AICO Telemetry System¶

Overview¶

The AICO Telemetry System provides comprehensive, privacy-respecting observability capabilities designed specifically for AI researchers and developers to understand complex system interactions, diagnose issues, and improve system performance. It complements the existing Instrumentation, Logging, and Audit systems while focusing on the unique needs of AI system development.
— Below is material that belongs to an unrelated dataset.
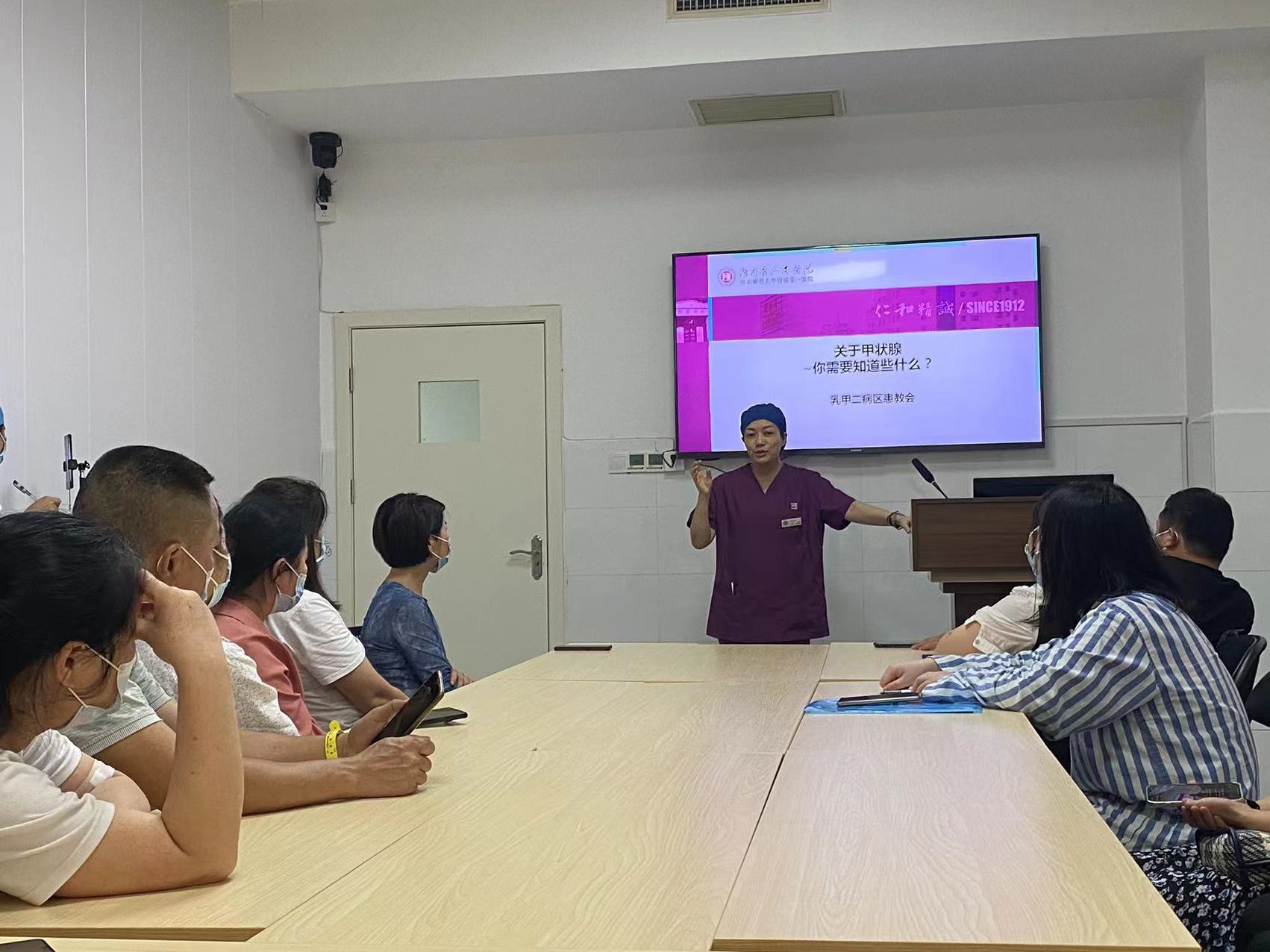 6月15日晚,王慧玲主任在科室示教室为在院的患者、家属及线上的病友、粉丝讲述《关于甲状腺你需要知道些什么》,患者及家属认真倾听,线上的“粉丝们”留言不断。

This document outlines the architecture, implementation, and best practices for AICO's telemetry system, which serves as the foundation for system understanding, performance optimization, and AI behavior analysis.

Core Principles¶

1. Development-Focused Insights¶

Telemetry is designed primarily for researchers and developers
Captures detailed information about AI behavior, performance, and interactions
Provides visibility into complex, distributed system interactions
Enables root cause analysis of emergent behaviors and performance issues

2. Privacy-First Collection¶

All telemetry data is stored locally by default
No telemetry information leaves the device without explicit user consent
Sensitive data is redacted or anonymized in telemetry records
Users maintain full control over telemetry data retention and access

3. Comprehensive Coverage¶

Captures data across all system components and their interactions
Monitors both technical metrics and AI-specific behavioral patterns
Covers both frontend and backend with consistent schema
Works in all deployment patterns (coupled and detached)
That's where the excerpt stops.